Results: The Vmax of VWF73 cleavage by ADAMTS13 was lower at pH 7.0 than at pH 6.0 (5.23 ± 0.15 ΔFU/sec vs 7.48 ± 0.42 ΔFU/sec, respectively), and KM,app at pH 6.0 (2.54 ± 0.26 µM) was higher than at pH 7.0 (1.48 ± 0.11 µM) in the absence of scFv. Saturating inhibitory scFv4-20 decreased Vmax at both pH 6.0 and pH 7.0 (4.45 ± 0.16 ΔFU/sec and 1.00 ± 0.14 ΔFU/sec, respectively); KM,app was relatively unaffected at pH 6.0 (2.70 ± 0.07 µM, Q 1.06) and decreased at pH 7.0 (1.08 ± 0.27 µM, Q 0.73). Saturating scFv3-3 and scFv4-41 increased Vmax at both pH 6.0 (9.86 ± 0.46 ΔFU/sec and 10.05 ± 0.67 ΔFU/sec, respectively) and 7.0 (9.09 ± 0.25 ΔFU/sec and 10.26 ± 0.34 ΔFU/sec, respectively); while in the presence of scFv3-3 and scFv4-41, KM,app decreased slightly at pH 6.0 (2.20 ± 0.08 µM, Q 0.87; and 2.36 ± 0.26 µM, Q 0.93, respectively) and more dramatically at pH 7.0 (1.08 ± 0.05 µM, Q 0.73; and 1.16 ± 0.07 µM, Q 0.78, respectively). (Figure 1).

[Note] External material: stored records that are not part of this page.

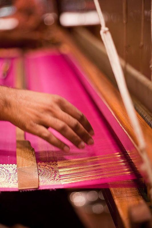It begins with the fabric: each thread is chosen with care, every weave considered for time-honoured texture and subtle movement. We honour the rich tapestry of Indian craftsmanship — hand-loomed silks, organic cottons, natural dyes, and artisan skills passed from one generation to the next.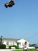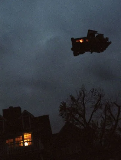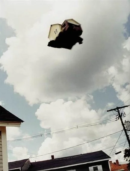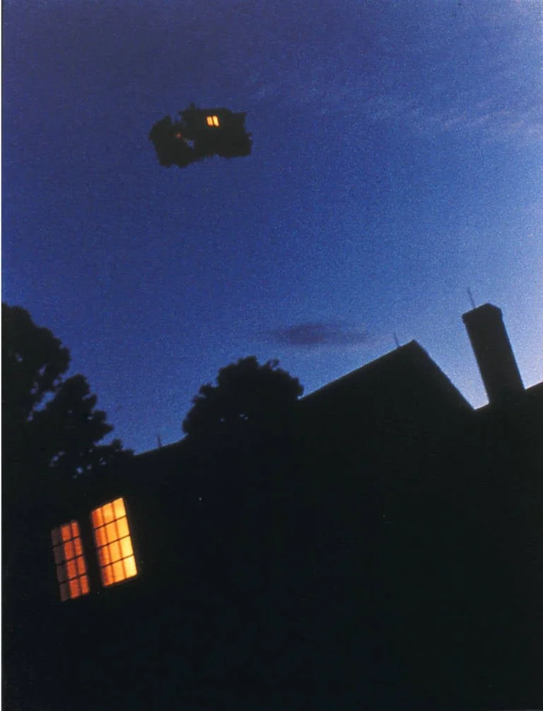 When I first saw Peter Garfield’s “Mobile Home” photographs two years ago, I was immediately drawn in by his lightness of touch. Presented with a disarming nonchalance, these images of suburban houses flying through the sky possessed a humorous innocence — whimsy, even — that directed my attention. And yet there was something too normal about these photographs of very extraordinary occurrences. A disturbing mundaneness colored the otherwise cheerful buoyancy of these fantastic images. Was I witness to a disaster or a dream? The incongruity of the airborne domiciles with sunny blue skies and innocuous cottony clouds seemed to rule out an act of nature. Perhaps it was some man-made catastrophe of a scale only made possible by late twentieth-century technology. In the absence of any definitive answers, I was left with an alternately thrilling and discomfiting sensation — thrilled at seeing a remarkable event, discomfited that I could not interpret exactly what I saw.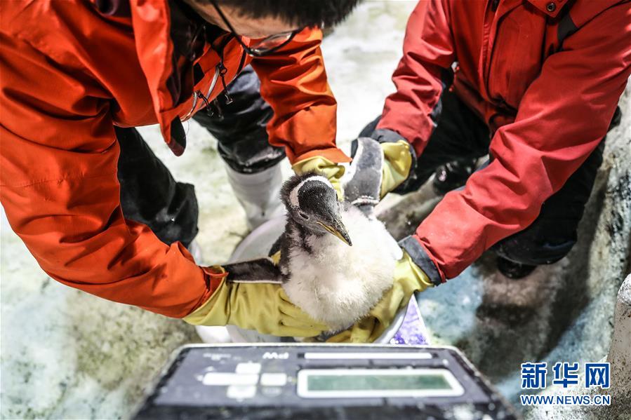 1月9日,馴養(yǎng)員給白眉企鵝寶寶稱(chēng)重。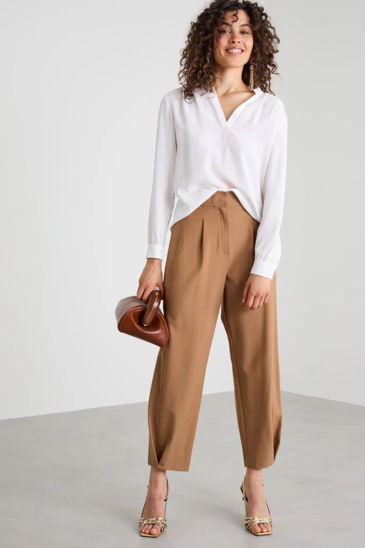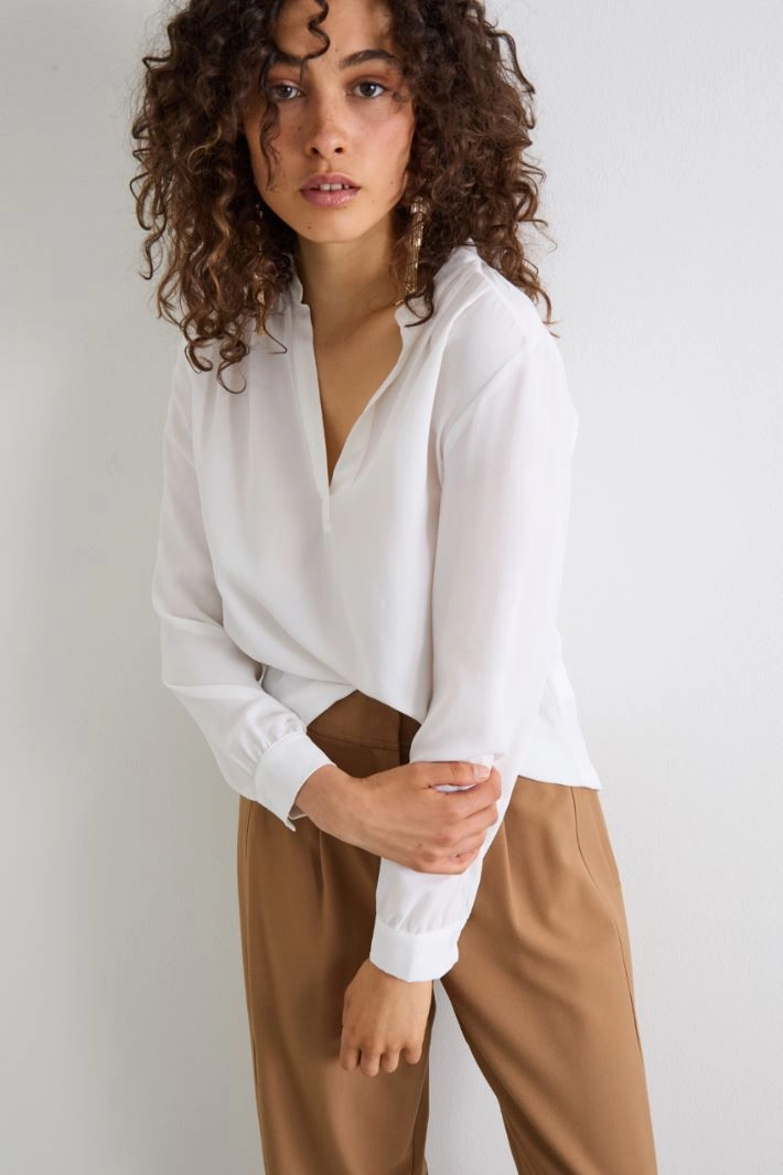 Loose-fit blouse in silk blend crepe de chine, with stand-up collar and V-neckline, long sleeves with cuffs and button, and yoke with box pleat on the back.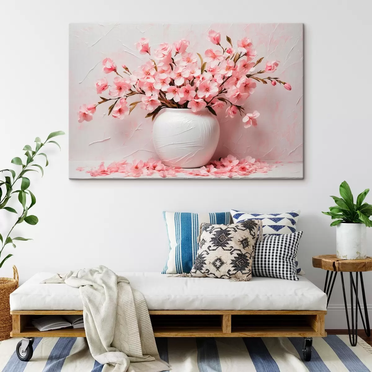 Vászonkép Rózsaszín virágok fehér vázában Nr s42915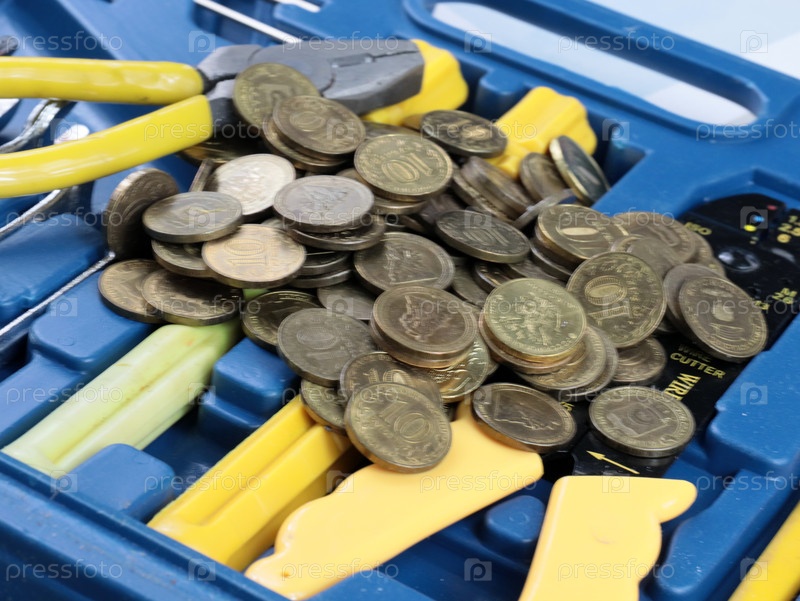 Набор строительных инструментов и кучу металлических монет как способ заработать деньги при ремонте дома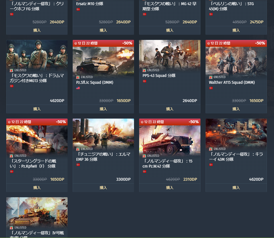 steam版だとEnlistedの公式サイトで買えるものが並んでるだけな気がします

Conclusions: These results indicate that anti-ADAMTS13 IgG-mediated effects on VWF cleavage may differ when comparing the standard and more physiologic pH conditions. At pH 7.0, both inhibitory and stimulatory scFvs exert a stronger effect on Vmax of VWF73 cleavage by ADAMTS13 than at pH 6.0. The scFv4-41, which was not previously characterized, had a stimulatory effect on ADAMTS13 very similar to the previously characterized scFv3-3. The KM,app decreases with the increasing of pH from 6.0 to 7.0, while the presence of saturated scFvs investigated in the study appears to increase apparent substrate binding affinity in conditions close to physiologic. The change of enzyme kinetics of VWF73 cleavage by ADAMTS13 in presence of saturated antibodies adds the understanding of iTTP pathophysiology and guide future investigative directions.

Key words: Immune thrombotic thrombocytopenic purpura; ADAMTS13, inhibitory and stimulatory antibody

Disclosures: Zheng: Sanofi: Consultancy, Honoraria; TAKEDA: Consultancy, Honoraria; GC Biopharma: Consultancy, Honoraria; Clotsolution: Other: Co-founder; Stago: Consultancy, Honoraria; Apollo: Consultancy, Honoraria.